▶ **Source data**
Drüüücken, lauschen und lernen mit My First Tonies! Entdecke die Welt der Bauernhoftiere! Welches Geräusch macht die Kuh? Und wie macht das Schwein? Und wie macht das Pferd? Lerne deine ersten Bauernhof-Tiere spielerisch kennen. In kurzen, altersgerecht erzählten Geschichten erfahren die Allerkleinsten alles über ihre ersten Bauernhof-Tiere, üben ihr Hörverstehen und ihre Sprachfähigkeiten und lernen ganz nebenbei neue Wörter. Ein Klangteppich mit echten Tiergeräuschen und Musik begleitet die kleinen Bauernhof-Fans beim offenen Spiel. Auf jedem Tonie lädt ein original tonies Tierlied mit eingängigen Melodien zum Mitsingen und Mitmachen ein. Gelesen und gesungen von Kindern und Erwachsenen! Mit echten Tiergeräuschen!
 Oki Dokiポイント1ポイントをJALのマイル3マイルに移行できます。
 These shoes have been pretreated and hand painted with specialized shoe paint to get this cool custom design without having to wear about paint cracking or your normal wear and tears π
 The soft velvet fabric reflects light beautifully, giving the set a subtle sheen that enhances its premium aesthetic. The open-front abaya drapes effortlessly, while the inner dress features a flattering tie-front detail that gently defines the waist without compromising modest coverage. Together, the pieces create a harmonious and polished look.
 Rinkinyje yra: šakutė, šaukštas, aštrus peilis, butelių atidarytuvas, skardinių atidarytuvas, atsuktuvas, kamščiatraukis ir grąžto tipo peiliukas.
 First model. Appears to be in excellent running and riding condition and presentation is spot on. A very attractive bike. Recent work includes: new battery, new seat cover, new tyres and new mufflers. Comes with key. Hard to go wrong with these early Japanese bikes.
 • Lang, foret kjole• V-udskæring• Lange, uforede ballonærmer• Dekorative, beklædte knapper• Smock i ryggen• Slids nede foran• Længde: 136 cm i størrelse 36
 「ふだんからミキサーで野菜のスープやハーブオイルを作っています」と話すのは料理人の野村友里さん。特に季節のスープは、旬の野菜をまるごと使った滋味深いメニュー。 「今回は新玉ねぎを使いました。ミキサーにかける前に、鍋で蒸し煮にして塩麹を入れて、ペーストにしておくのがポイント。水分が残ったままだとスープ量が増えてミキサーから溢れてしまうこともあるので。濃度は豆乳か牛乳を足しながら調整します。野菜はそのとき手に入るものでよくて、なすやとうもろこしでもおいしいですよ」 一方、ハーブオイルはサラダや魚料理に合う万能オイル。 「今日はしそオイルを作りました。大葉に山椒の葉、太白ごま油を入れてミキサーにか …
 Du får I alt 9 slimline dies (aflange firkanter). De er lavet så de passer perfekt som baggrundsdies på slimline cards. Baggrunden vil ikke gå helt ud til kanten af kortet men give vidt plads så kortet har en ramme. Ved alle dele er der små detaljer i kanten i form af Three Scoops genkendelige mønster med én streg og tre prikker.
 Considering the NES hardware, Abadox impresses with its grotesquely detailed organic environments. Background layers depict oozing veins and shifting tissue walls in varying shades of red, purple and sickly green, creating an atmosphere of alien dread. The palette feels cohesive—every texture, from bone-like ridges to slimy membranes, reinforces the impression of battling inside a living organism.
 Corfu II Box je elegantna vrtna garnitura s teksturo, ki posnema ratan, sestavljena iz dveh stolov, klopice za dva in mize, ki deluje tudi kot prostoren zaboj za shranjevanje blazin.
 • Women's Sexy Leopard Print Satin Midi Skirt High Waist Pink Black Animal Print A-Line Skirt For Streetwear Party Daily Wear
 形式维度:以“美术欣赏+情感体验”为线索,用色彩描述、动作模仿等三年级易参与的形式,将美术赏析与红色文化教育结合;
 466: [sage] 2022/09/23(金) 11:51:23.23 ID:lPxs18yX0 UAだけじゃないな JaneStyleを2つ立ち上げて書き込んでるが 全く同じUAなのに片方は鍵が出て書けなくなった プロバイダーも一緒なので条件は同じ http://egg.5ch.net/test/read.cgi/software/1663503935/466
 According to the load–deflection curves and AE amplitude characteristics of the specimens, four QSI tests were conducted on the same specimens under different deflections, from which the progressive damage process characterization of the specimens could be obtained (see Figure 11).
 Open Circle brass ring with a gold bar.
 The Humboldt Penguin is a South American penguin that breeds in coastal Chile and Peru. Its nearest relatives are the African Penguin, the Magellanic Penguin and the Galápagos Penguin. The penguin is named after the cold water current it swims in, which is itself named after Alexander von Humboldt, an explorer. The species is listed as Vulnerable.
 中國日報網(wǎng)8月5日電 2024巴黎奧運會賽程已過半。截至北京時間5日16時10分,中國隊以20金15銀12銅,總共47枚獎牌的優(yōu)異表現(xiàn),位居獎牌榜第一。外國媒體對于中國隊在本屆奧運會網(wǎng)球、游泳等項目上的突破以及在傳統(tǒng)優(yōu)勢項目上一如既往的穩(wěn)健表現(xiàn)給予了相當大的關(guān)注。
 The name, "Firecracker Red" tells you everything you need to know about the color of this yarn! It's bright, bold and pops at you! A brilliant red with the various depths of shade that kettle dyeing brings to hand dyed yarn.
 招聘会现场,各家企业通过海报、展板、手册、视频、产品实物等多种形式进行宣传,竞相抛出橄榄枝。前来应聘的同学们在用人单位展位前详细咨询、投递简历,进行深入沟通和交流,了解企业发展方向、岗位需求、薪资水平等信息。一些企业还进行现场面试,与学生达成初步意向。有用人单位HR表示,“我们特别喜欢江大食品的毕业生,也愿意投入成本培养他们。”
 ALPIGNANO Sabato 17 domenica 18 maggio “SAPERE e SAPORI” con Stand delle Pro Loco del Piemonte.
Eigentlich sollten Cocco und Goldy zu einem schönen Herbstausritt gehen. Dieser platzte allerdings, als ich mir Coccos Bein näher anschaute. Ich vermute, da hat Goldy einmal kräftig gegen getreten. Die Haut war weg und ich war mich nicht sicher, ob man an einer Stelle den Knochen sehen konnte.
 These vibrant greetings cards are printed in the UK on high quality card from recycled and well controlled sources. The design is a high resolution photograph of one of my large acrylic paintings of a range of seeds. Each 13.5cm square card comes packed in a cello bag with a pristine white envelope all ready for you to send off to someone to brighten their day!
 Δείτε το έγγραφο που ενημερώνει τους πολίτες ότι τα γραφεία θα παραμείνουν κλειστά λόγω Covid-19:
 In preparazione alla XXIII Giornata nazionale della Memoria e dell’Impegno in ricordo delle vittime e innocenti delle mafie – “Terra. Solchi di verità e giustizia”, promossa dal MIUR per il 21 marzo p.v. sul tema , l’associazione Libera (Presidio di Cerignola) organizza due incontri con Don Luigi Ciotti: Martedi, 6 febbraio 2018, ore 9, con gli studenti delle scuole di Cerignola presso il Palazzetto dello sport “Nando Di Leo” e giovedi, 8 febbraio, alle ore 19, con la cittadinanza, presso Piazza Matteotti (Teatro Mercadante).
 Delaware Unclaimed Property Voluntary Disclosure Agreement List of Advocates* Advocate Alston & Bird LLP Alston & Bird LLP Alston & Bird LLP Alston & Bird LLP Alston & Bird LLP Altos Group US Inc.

▶ **Your goal**
Write out the listing once more, matching it exactly.

▶ **Exercise response**
Drüüücken, lauschen und lernen mit My First Tonies! Entdecke die Welt der Bauernhoftiere! Welches Geräusch macht die Kuh? Und wie macht das Schwein? Und wie macht das Pferd? Lerne deine ersten Bauernhof-Tiere spielerisch kennen. In kurzen, altersgerecht erzählten Geschichten erfahren die Allerkleinsten alles über ihre ersten Bauernhof-Tiere, üben ihr Hörverstehen und ihre Sprachfähigkeiten und lernen ganz nebenbei neue Wörter. Ein Klangteppich mit echten Tiergeräuschen und Musik begleitet die kleinen Bauernhof-Fans beim offenen Spiel. Auf jedem Tonie lädt ein original tonies Tierlied mit eingängigen Melodien zum Mitsingen und Mitmachen ein. Gelesen und gesungen von Kindern und Erwachsenen! Mit echten Tiergeräuschen!
 Oki Dokiポイント1ポイントをJALのマイル3マイルに移行できます。
 These shoes have been pretreated and hand painted with specialized shoe paint to get this cool custom design without having to wear about paint cracking or your normal wear and tears π
 The soft velvet fabric reflects light beautifully, giving the set a subtle sheen that enhances its premium aesthetic. The open-front abaya drapes effortlessly, while the inner dress features a flattering tie-front detail that gently defines the waist without compromising modest coverage. Together, the pieces create a harmonious and polished look.
 Rinkinyje yra: šakutė, šaukštas, aštrus peilis, butelių atidarytuvas, skardinių atidarytuvas, atsuktuvas, kamščiatraukis ir grąžto tipo peiliukas.
 First model. Appears to be in excellent running and riding condition and presentation is spot on. A very attractive bike. Recent work includes: new battery, new seat cover, new tyres and new mufflers. Comes with key. Hard to go wrong with these early Japanese bikes.
 • Lang, foret kjole• V-udskæring• Lange, uforede ballonærmer• Dekorative, beklædte knapper• Smock i ryggen• Slids nede foran• Længde: 136 cm i størrelse 36
 「ふだんからミキサーで野菜のスープやハーブオイルを作っています」と話すのは料理人の野村友里さん。特に季節のスープは、旬の野菜をまるごと使った滋味深いメニュー。 「今回は新玉ねぎを使いました。ミキサーにかける前に、鍋で蒸し煮にして塩麹を入れて、ペーストにしておくのがポイント。水分が残ったままだとスープ量が増えてミキサーから溢れてしまうこともあるので。濃度は豆乳か牛乳を足しながら調整します。野菜はそのとき手に入るものでよくて、なすやとうもろこしでもおいしいですよ」 一方、ハーブオイルはサラダや魚料理に合う万能オイル。 「今日はしそオイルを作りました。大葉に山椒の葉、太白ごま油を入れてミキサーにか …
 Du får I alt 9 slimline dies (aflange firkanter). De er lavet så de passer perfekt som baggrundsdies på slimline cards. Baggrunden vil ikke gå helt ud til kanten af kortet men give vidt plads så kortet har en ramme. Ved alle dele er der små detaljer i kanten i form af Three Scoops genkendelige mønster med én streg og tre prikker.
 Considering the NES hardware, Abadox impresses with its grotesquely detailed organic environments. Background layers depict oozing veins and shifting tissue walls in varying shades of red, purple and sickly green, creating an atmosphere of alien dread. The palette feels cohesive—every texture, from bone-like ridges to slimy membranes, reinforces the impression of battling inside a living organism.
 Corfu II Box je elegantna vrtna garnitura s teksturo, ki posnema ratan, sestavljena iz dveh stolov, klopice za dva in mize, ki deluje tudi kot prostoren zaboj za shranjevanje blazin.
 • Women's Sexy Leopard Print Satin Midi Skirt High Waist Pink Black Animal Print A-Line Skirt For Streetwear Party Daily Wear
 形式维度:以“美术欣赏+情感体验”为线索,用色彩描述、动作模仿等三年级易参与的形式,将美术赏析与红色文化教育结合;
 466: [sage] 2022/09/23(金) 11:51:23.23 ID:lPxs18yX0 UAだけじゃないな JaneStyleを2つ立ち上げて書き込んでるが 全く同じUAなのに片方は鍵が出て書けなくなった プロバイダーも一緒なので条件は同じ http://egg.5ch.net/test/read.cgi/software/1663503935/466
 According to the load–deflection curves and AE amplitude characteristics of the specimens, four QSI tests were conducted on the same specimens under different deflections, from which the progressive damage process characterization of the specimens could be obtained (see Figure 11).
 Open Circle brass ring with a gold bar.
 The Humboldt Penguin is a South American penguin that breeds in coastal Chile and Peru. Its nearest relatives are the African Penguin, the Magellanic Penguin and the Galápagos Penguin. The penguin is named after the cold water current it swims in, which is itself named after Alexander von Humboldt, an explorer. The species is listed as Vulnerable.
 中國日報網(wǎng)8月5日電 2024巴黎奧運會賽程已過半。截至北京時間5日16時10分,中國隊以20金15銀12銅,總共47枚獎牌的優(yōu)異表現(xiàn),位居獎牌榜第一。外國媒體對于中國隊在本屆奧運會網(wǎng)球、游泳等項目上的突破以及在傳統(tǒng)優(yōu)勢項目上一如既往的穩(wěn)健表現(xiàn)給予了相當大的關(guān)注。
 The name, "Firecracker Red" tells you everything you need to know about the color of this yarn! It's bright, bold and pops at you! A brilliant red with the various depths of shade that kettle dyeing brings to hand dyed yarn.
 招聘会现场,各家企业通过海报、展板、手册、视频、产品实物等多种形式进行宣传,竞相抛出橄榄枝。前来应聘的同学们在用人单位展位前详细咨询、投递简历,进行深入沟通和交流,了解企业发展方向、岗位需求、薪资水平等信息。一些企业还进行现场面试,与学生达成初步意向。有用人单位HR表示,“我们特别喜欢江大食品的毕业生,也愿意投入成本培养他们。”
 ALPIGNANO Sabato 17 domenica 18 maggio “SAPERE e SAPORI” con Stand delle Pro Loco del Piemonte.
Eigentlich sollten Cocco und Goldy zu einem schönen Herbstausritt gehen. Dieser platzte allerdings, als ich mir Coccos Bein näher anschaute. Ich vermute, da hat Goldy einmal kräftig gegen getreten. Die Haut war weg und ich war mich nicht sicher, ob man an einer Stelle den Knochen sehen konnte.
 These vibrant greetings cards are printed in the UK on high quality card from recycled and well controlled sources. The design is a high resolution photograph of one of my large acrylic paintings of a range of seeds. Each 13.5cm square card comes packed in a cello bag with a pristine white envelope all ready for you to send off to someone to brighten their day!
 Δείτε το έγγραφο που ενημερώνει τους πολίτες ότι τα γραφεία θα παραμείνουν κλειστά λόγω Covid-19:
 In preparazione alla XXIII Giornata nazionale della Memoria e dell’Impegno in ricordo delle vittime e innocenti delle mafie – “Terra. Solchi di verità e giustizia”, promossa dal MIUR per il 21 marzo p.v. sul tema , l’associazione Libera (Presidio di Cerignola) organizza due incontri con Don Luigi Ciotti: Martedi, 6 febbraio 2018, ore 9, con gli studenti delle scuole di Cerignola presso il Palazzetto dello sport “Nando Di Leo” e giovedi, 8 febbraio, alle ore 19, con la cittadinanza, presso Piazza Matteotti (Teatro Mercadante).
 Delaware Unclaimed Property Voluntary Disclosure Agreement List of Advocates* Advocate Alston & Bird LLP Alston & Bird LLP Alston & Bird LLP Alston & Bird LLP Alston & Bird LLP Altos Group US Inc.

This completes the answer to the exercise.